◆ Collected data ◆
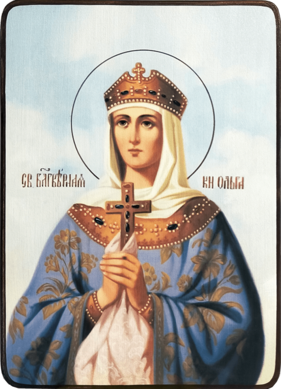 Великая княгиня Ольга родилась в 884 году и была супругой Киевского князя Игоря. В 945 году, после смерти мужа, она фактически становится правительницей княжества при своём малолетнем сыне Святославе. Около 957 года она отправилась в Константинополь, где приняла святое крещение с именем Елена. В Киев она вернулась с иконами, богослужебными книгами. Так началось её апостольское служение. Она воздвигла храм во имя святителя Николая над могилой Аскольда - первого Киевского князя-христианина и многих киевлян обратила ко Христу. С проповедью веры отправилась княгиня на север. В Киевских и Псковских землях, в отдаленных весях, на перекрестках дорог воздвигала кресты, уничтожая языческие идолы. Скончалась великая княгиня Ольга в 965 году.
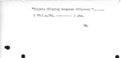 //// "Hoppets hälsning morgonen välkommen "....... //// B 98:3.s. 184. -.........1 str. //// RA. ////
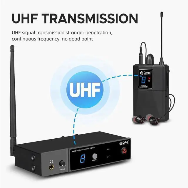 Devoted ServiceGenuine D Debra Pro audio products come with 12-month manufacturer assurance and supportive customer service. Welcome to come to us for troubleshooting or replacement of discontinuous/defective parts. - Comply With FCC Rules501Mhz-599 Mhz, You can rest assured to use it in any occasion. Broadcasts on 16 channels no-interference, Less than 4.5 ms Latency (normal), Up to 107 dB signal-to-noise ratio provides clear, detailed audio at any volume. High Resolution 24-bit/48kbps audio. Broad 20Hz-20KHz frequency response, Dynamic Rang 107 dB.
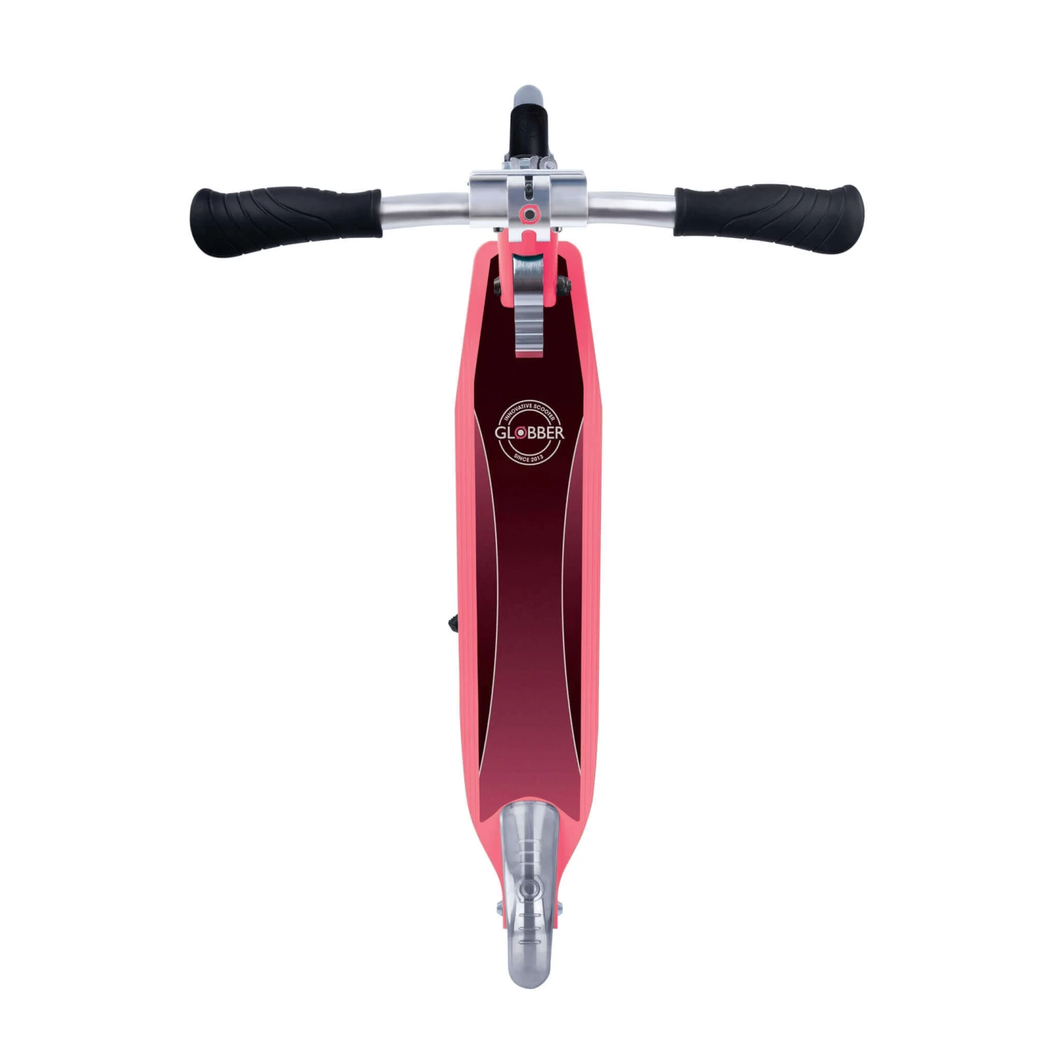 Be in your ELEMENT and go with the Globber FLOW Element 2-wheel foldable scooter with lights in coral pink!

◆ Task item ◆
Everything in the material except the pictures should be restated word for word.

◆ Result ◆
 Великая княгиня Ольга родилась в 884 году и была супругой Киевского князя Игоря. В 945 году, после смерти мужа, она фактически становится правительницей княжества при своём малолетнем сыне Святославе. Около 957 года она отправилась в Константинополь, где приняла святое крещение с именем Елена. В Киев она вернулась с иконами, богослужебными книгами. Так началось её апостольское служение. Она воздвигла храм во имя святителя Николая над могилой Аскольда - первого Киевского князя-христианина и многих киевлян обратила ко Христу. С проповедью веры отправилась княгиня на север. В Киевских и Псковских землях, в отдаленных весях, на перекрестках дорог воздвигала кресты, уничтожая языческие идолы. Скончалась великая княгиня Ольга в 965 году.
 //// "Hoppets hälsning morgonen välkommen "....... //// B 98:3.s. 184. -.........1 str. //// RA. ////
 Devoted ServiceGenuine D Debra Pro audio products come with 12-month manufacturer assurance and supportive customer service. Welcome to come to us for troubleshooting or replacement of discontinuous/defective parts. - Comply With FCC Rules501Mhz-599 Mhz, You can rest assured to use it in any occasion. Broadcasts on 16 channels no-interference, Less than 4.5 ms Latency (normal), Up to 107 dB signal-to-noise ratio provides clear, detailed audio at any volume. High Resolution 24-bit/48kbps audio. Broad 20Hz-20KHz frequency response, Dynamic Rang 107 dB.
 Be in your ELEMENT and go with the Globber FLOW Element 2-wheel foldable scooter with lights in coral pink!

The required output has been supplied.